◆ Work order: Take the lines below beginning at the line that has "Tại workshop, người" and stopping after the line that has "塀の「上塗り」で すべての塗装作業が完了なる予定です。", and print them exactly as they are, with no other lines.

◆ Provided material:
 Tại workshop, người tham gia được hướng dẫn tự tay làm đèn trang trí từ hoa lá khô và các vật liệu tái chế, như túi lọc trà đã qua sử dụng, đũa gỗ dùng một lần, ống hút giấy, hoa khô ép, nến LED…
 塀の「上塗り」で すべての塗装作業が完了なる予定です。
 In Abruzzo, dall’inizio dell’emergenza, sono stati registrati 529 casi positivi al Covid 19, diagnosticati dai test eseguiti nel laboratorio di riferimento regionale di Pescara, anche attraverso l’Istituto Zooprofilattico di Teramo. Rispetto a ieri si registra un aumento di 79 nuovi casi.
--
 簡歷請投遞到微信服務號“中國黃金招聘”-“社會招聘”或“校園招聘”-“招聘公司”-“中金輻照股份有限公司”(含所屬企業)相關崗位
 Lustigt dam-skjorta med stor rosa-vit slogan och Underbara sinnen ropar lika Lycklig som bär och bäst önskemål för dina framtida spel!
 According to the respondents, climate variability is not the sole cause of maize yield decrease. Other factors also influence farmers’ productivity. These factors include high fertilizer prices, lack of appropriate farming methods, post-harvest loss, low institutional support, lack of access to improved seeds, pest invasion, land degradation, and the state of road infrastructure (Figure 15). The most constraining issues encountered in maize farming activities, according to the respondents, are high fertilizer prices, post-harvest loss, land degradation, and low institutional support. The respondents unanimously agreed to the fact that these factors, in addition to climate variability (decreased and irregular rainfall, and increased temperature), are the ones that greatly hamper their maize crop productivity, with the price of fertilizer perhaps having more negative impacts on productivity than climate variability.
==
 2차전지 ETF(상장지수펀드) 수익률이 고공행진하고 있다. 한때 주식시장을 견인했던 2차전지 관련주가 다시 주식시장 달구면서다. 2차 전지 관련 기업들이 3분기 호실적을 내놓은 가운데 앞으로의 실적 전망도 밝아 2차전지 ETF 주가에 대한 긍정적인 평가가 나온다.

◆ Written response:
 Tại workshop, người tham gia được hướng dẫn tự tay làm đèn trang trí từ hoa lá khô và các vật liệu tái chế, như túi lọc trà đã qua sử dụng, đũa gỗ dùng một lần, ống hút giấy, hoa khô ép, nến LED…
 塀の「上塗り」で すべての塗装作業が完了なる予定です。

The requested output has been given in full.